_Given information_:

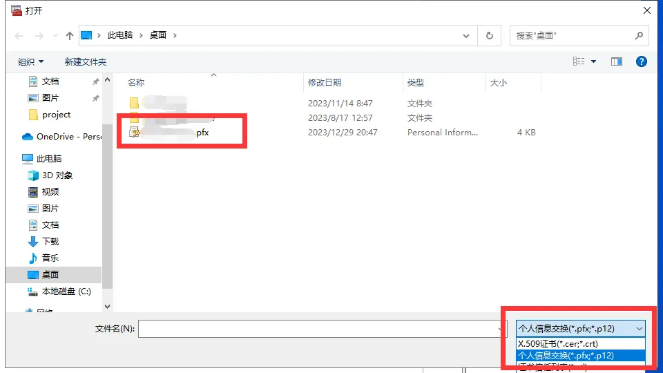 在选择文件的窗口中,将右下角的文件类型切换为 个人信息交换 ,然后选择打开需要导入的证书文件
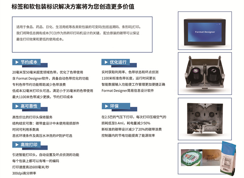 產(chǎn)品簡(jiǎn)介:適用于食品、藥品、日化、生活用紙等各類軟包裝的可變碼(包括追溯碼、條形碼)打印。我們將降低總擁有成本(TCO)作為熱轉(zhuǎn)印打碼機(jī)設(shè)計(jì)的關(guān)鍵,配合原裝的碳帶可以保證最佳打印效果和更低的使用成本。
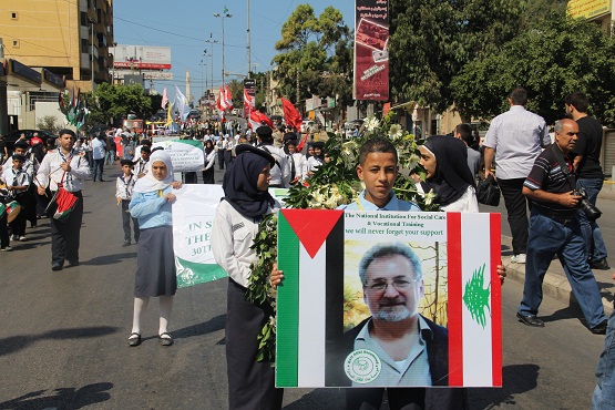 وأقامت اللجنة المنظمة للمسيرة معرض صور عن المجزرة التي ارتكبتها اسرائيل في ساحة قاعة الشعب أم متضامنون اجانب وحشد من المخيمات.

_What to do_:
Except for the pictures, give all the material above again verbatim.

_Exercise result_:
 在选择文件的窗口中,将右下角的文件类型切换为 个人信息交换 ,然后选择打开需要导入的证书文件
 產(chǎn)品簡(jiǎn)介:適用于食品、藥品、日化、生活用紙等各類軟包裝的可變碼(包括追溯碼、條形碼)打印。我們將降低總擁有成本(TCO)作為熱轉(zhuǎn)印打碼機(jī)設(shè)計(jì)的關(guān)鍵,配合原裝的碳帶可以保證最佳打印效果和更低的使用成本。
 وأقامت اللجنة المنظمة للمسيرة معرض صور عن المجزرة التي ارتكبتها اسرائيل في ساحة قاعة الشعب أم متضامنون اجانب وحشد من المخيمات.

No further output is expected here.